Goal of the exercise →
Would you retype the listing word for word, skipping its pictures?

━━━ Source material ━━━

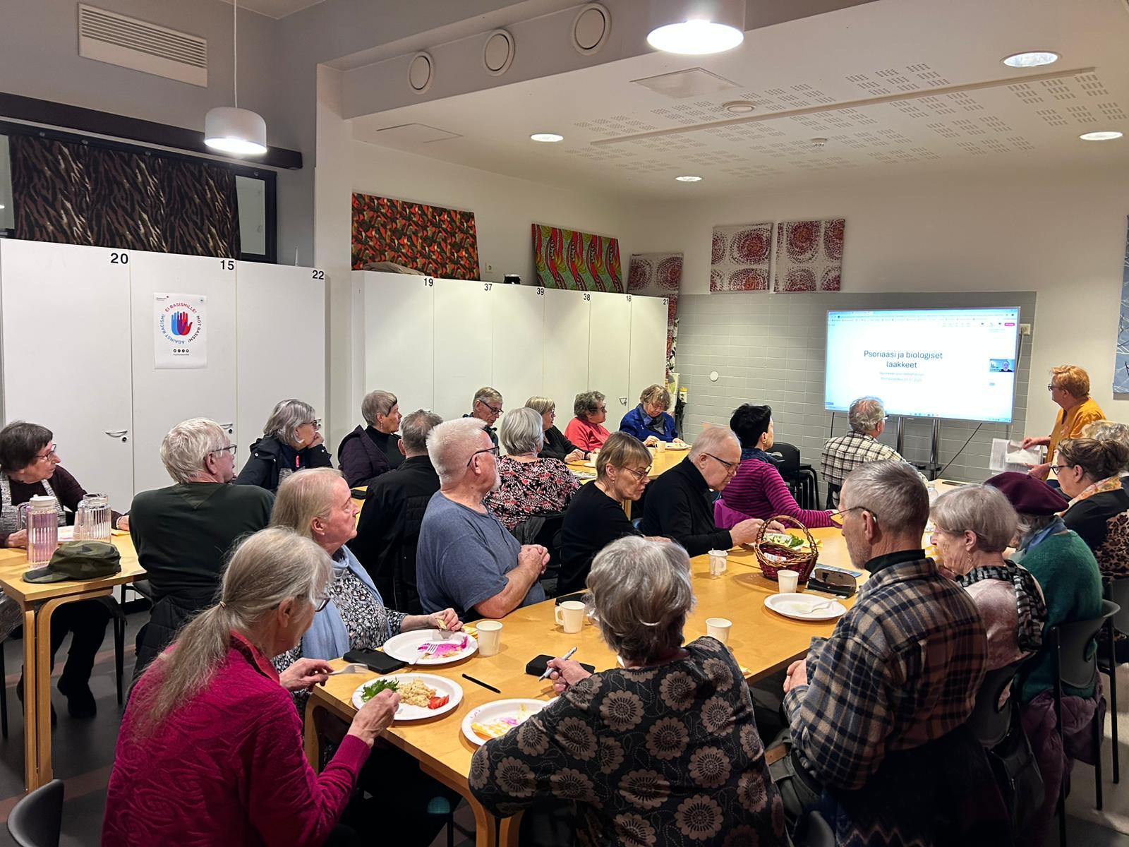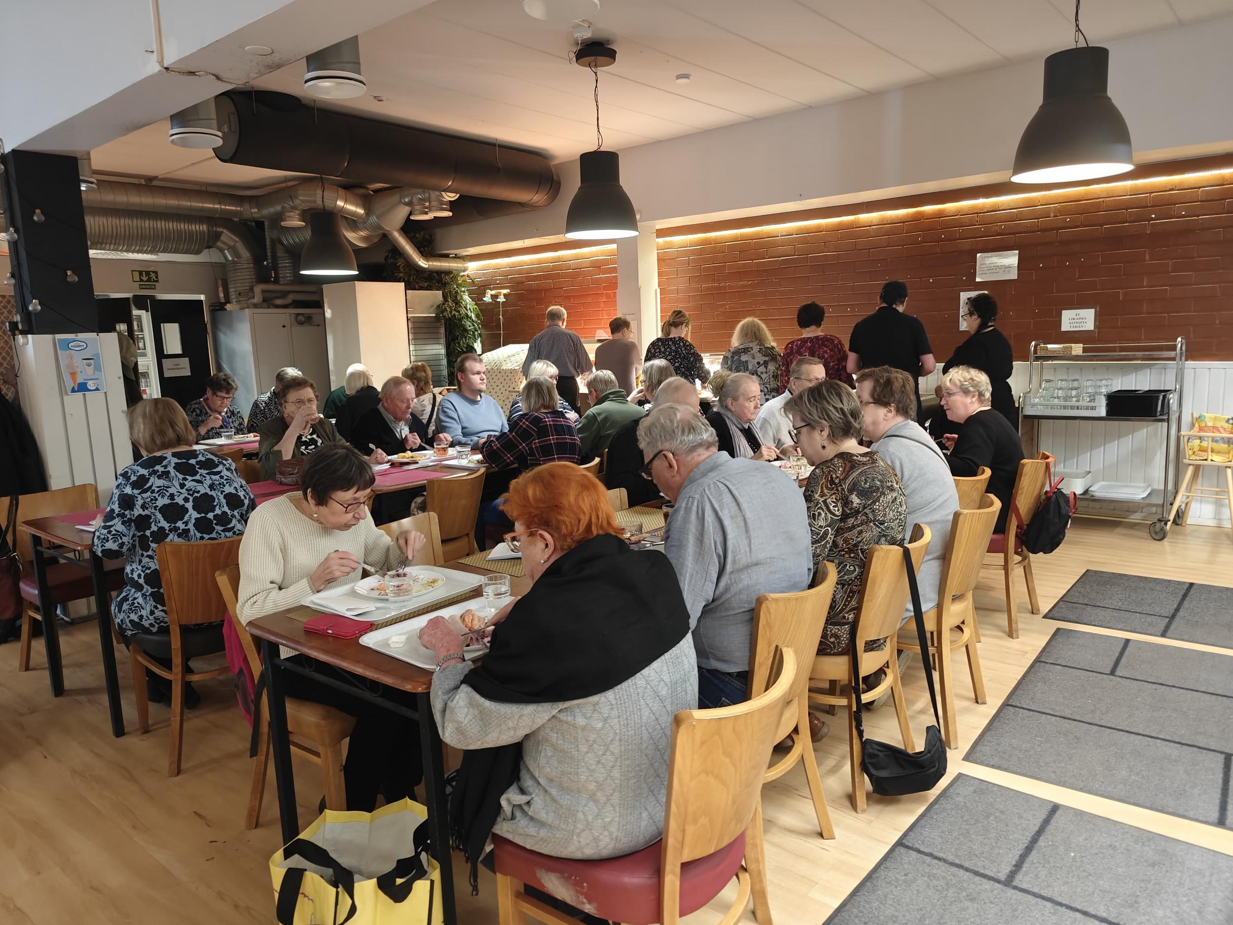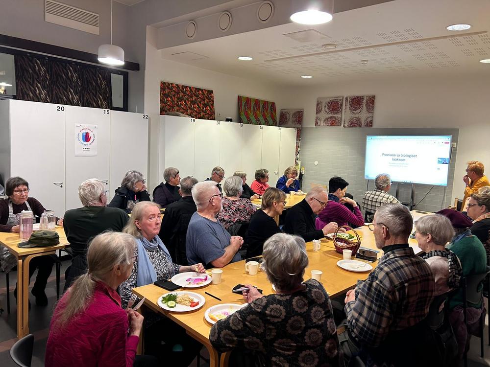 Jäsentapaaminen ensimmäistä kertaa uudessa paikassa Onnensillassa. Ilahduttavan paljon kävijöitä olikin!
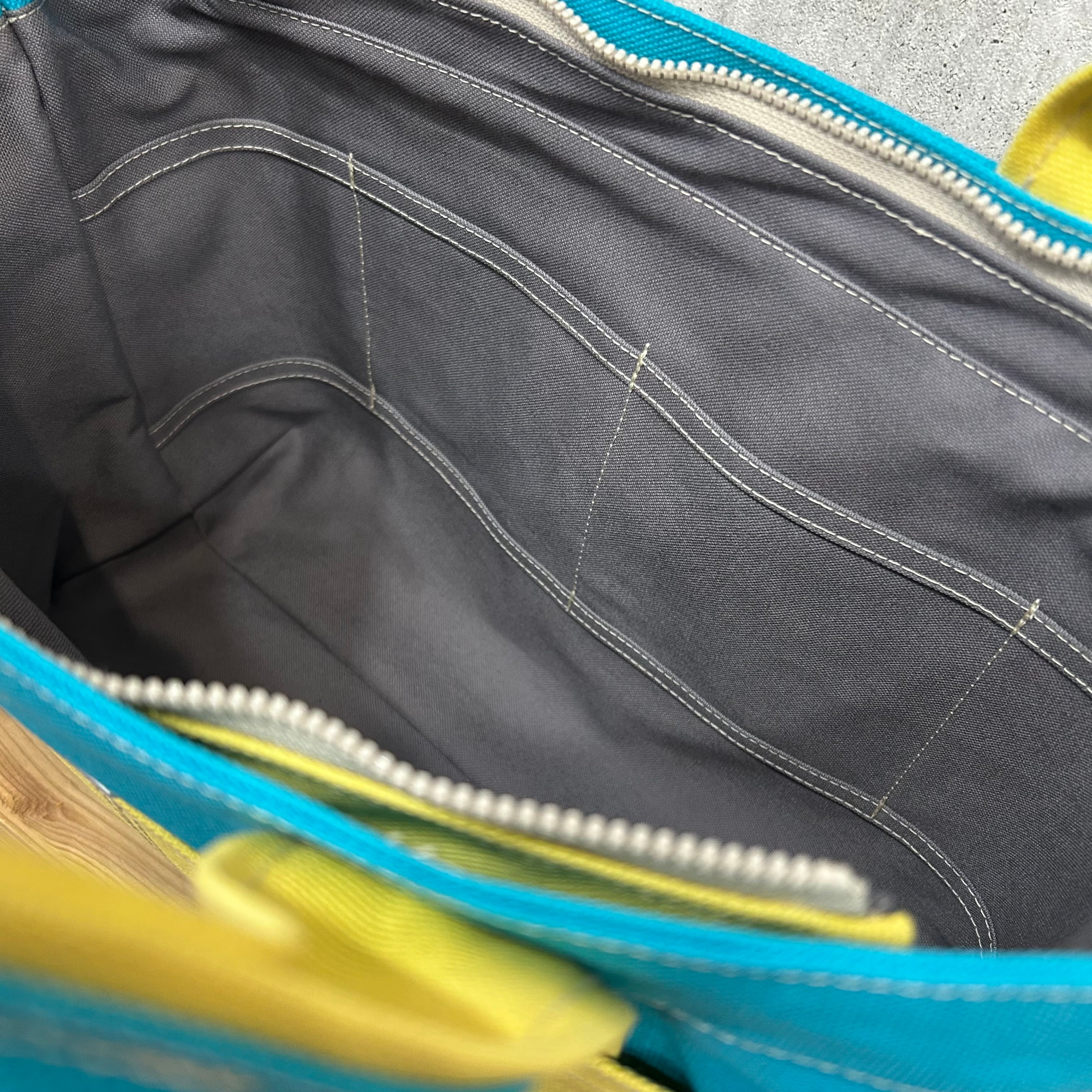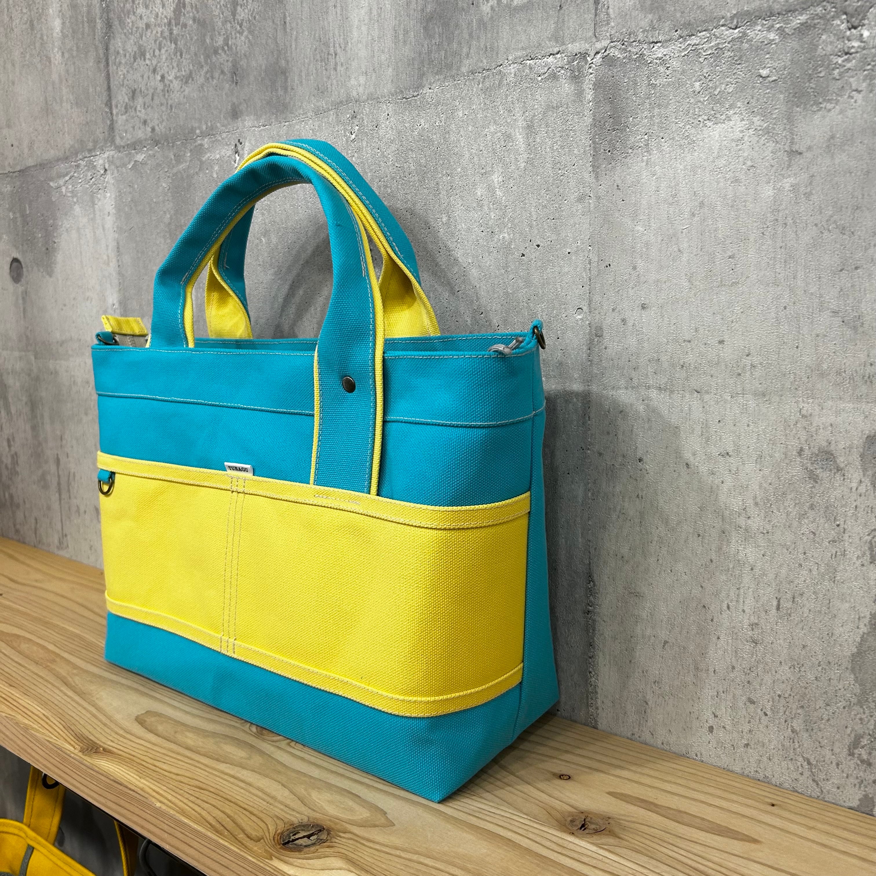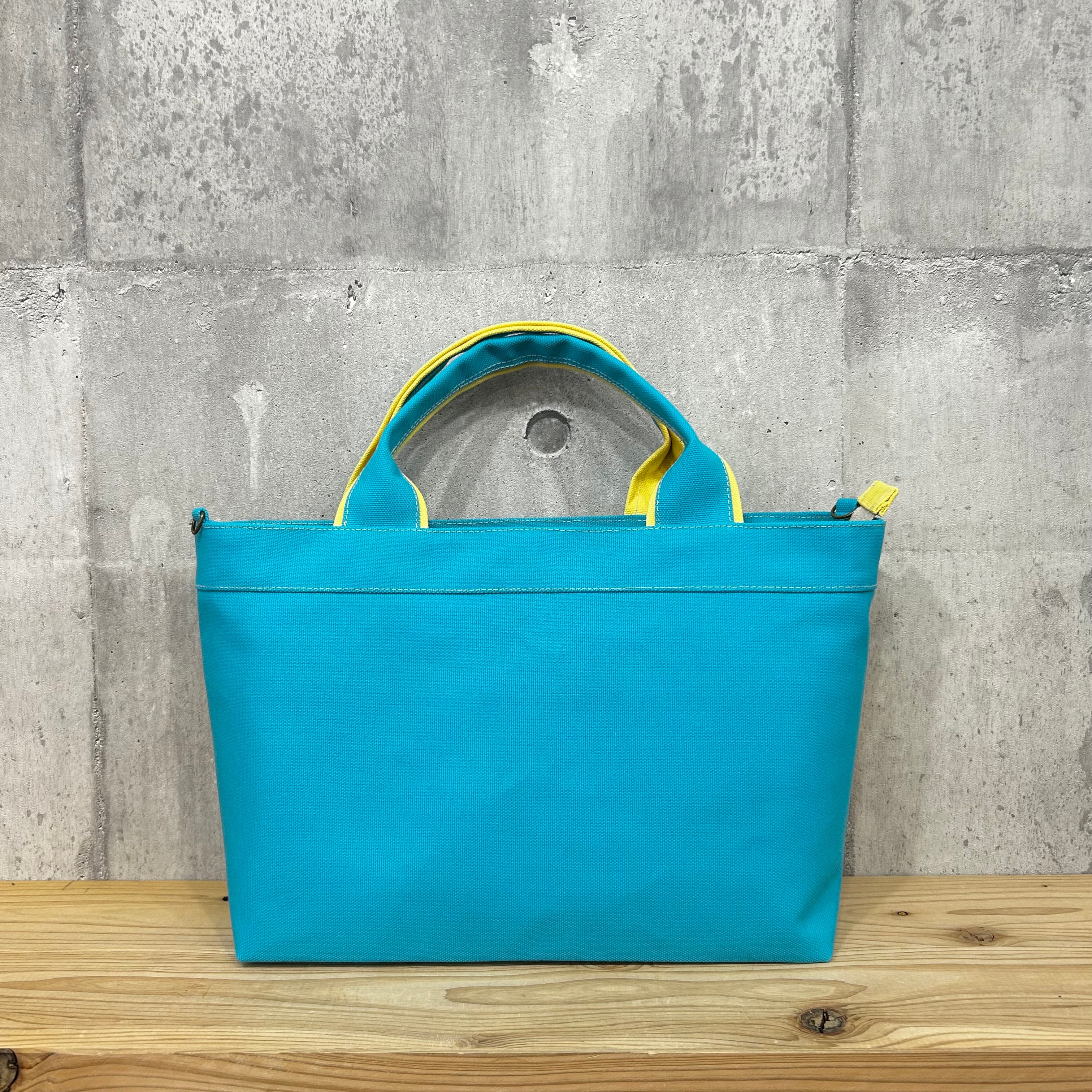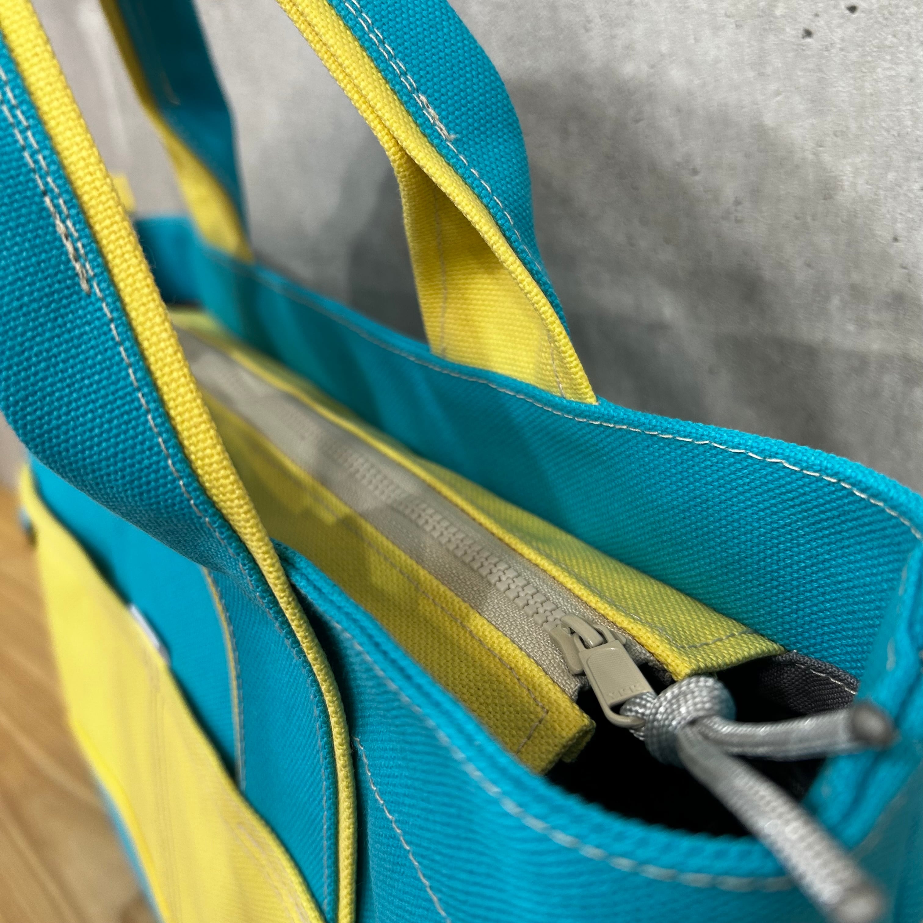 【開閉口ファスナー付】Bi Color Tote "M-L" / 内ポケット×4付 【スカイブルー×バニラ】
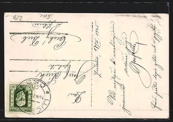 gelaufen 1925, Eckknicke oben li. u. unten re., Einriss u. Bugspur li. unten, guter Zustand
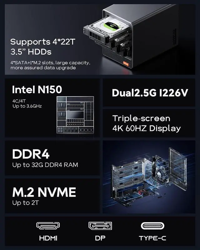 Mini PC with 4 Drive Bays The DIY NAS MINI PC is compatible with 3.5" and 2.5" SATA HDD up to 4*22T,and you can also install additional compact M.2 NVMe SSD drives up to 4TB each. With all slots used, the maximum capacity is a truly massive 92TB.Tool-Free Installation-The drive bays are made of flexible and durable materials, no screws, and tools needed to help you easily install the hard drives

━━━

Your solution →
 Jäsentapaaminen ensimmäistä kertaa uudessa paikassa Onnensillassa. Ilahduttavan paljon kävijöitä olikin!
 【開閉口ファスナー付】Bi Color Tote "M-L" / 内ポケット×4付 【スカイブルー×バニラ】
 gelaufen 1925, Eckknicke oben li. u. unten re., Einriss u. Bugspur li. unten, guter Zustand
 Mini PC with 4 Drive Bays The DIY NAS MINI PC is compatible with 3.5" and 2.5" SATA HDD up to 4*22T,and you can also install additional compact M.2 NVMe SSD drives up to 4TB each. With all slots used, the maximum capacity is a truly massive 92TB.Tool-Free Installation-The drive bays are made of flexible and durable materials, no screws, and tools needed to help you easily install the hard drives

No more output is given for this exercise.